This month The Geffen Contemporary at MOCA will launch it’s most ambitious exhibit of the year with avant-garde filmmaker and artist, Matthew Barney’s River of Fundament. It’s already been an impressive year for MOCA in their post Deitch-era, but bringing Matthew Barney to Downtown is especially significant.

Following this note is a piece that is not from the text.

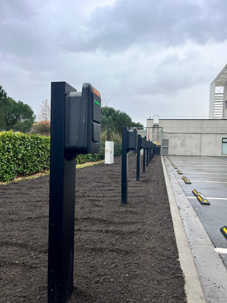 Ce projet consistait en l’installation de 10 bornes de recharge WITTY de la marque Hager, destinées à répondre aux besoins de charge de véhicules électriques sur un parking tertiaire.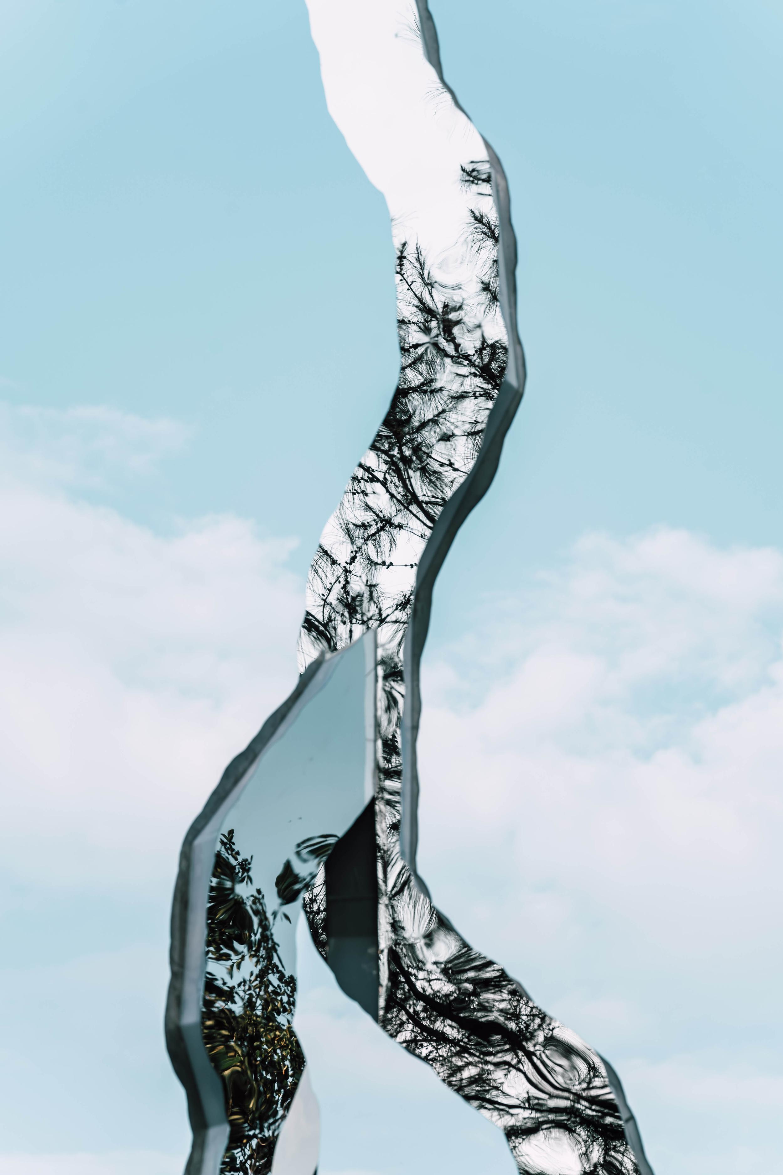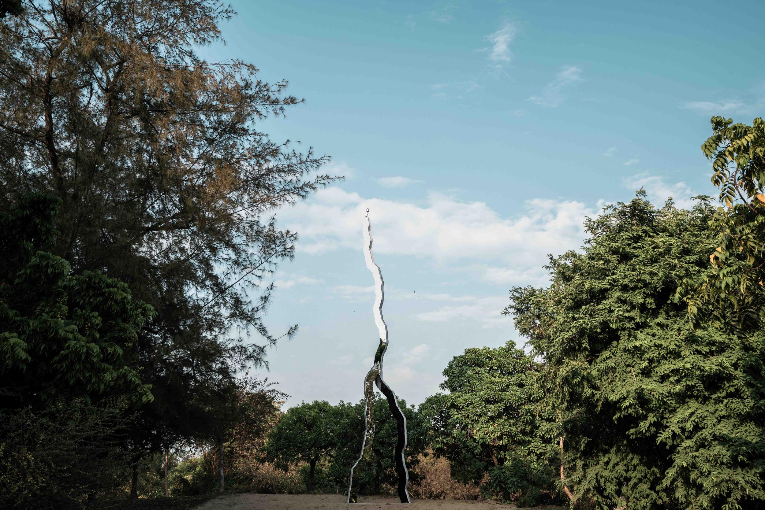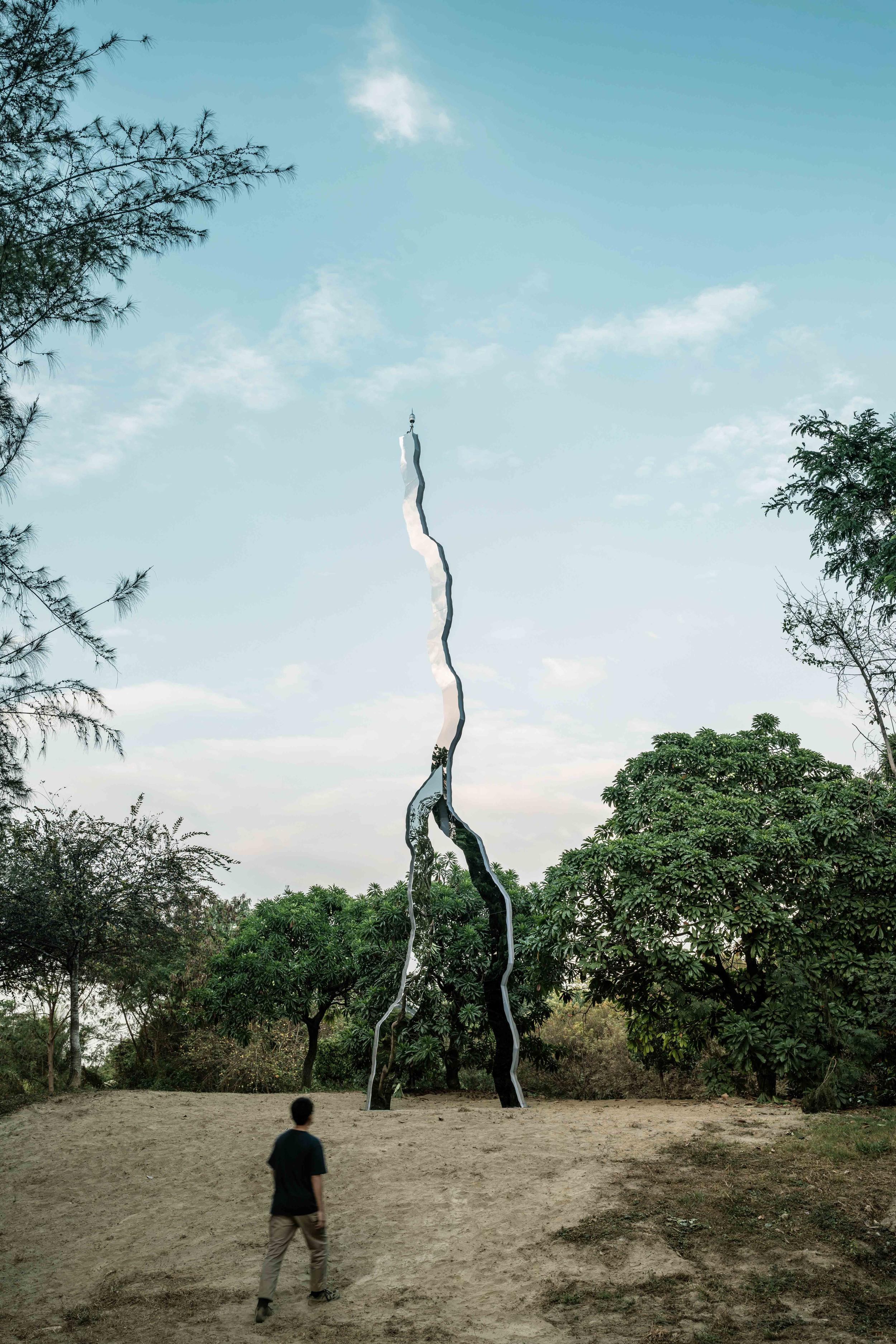《高壓電》以鏡面鋼板及LED燈條側向發光之結構設計,除了最輕化造型所帶來的壓迫量體外,也在日間與夜間的觀看中提供了兩種視覺體驗。在白天時,主結構的鏡面鋼板反映了作品周圍自然景觀,使作品的巨大量體融合於空間之中,觀者在作品其間穿梭,能映照出周圍不同切面,呈現猶如維度交疊的錯視效果。待入夜間,鏡面鋼板的存在量體隱沒於黑暗中,剎時,由LED光軌所啟動的動態圖像,像似一道道強勁而未明的閃電,劃破了當下空間的表面,在觀者眼前呈現人造光貼合自然經驗的奇觀。

This is Barney’s first ever major museum appearance in Los Angeles, and his largest project since The CREMASTER Cycle, his juggernaut series of films from 1994-2002. In his latest epic, River of Fundament, longtime collaborator, composer Jonathan Bepler returns as well as a few key elements and characters from CREMASTER 3. Again massive in scope, Barney’s latest project has been in the works since ’06, and the large scale exhibition of sculptures, storyboards, and illustrations will be accompanied by the film at MOCA.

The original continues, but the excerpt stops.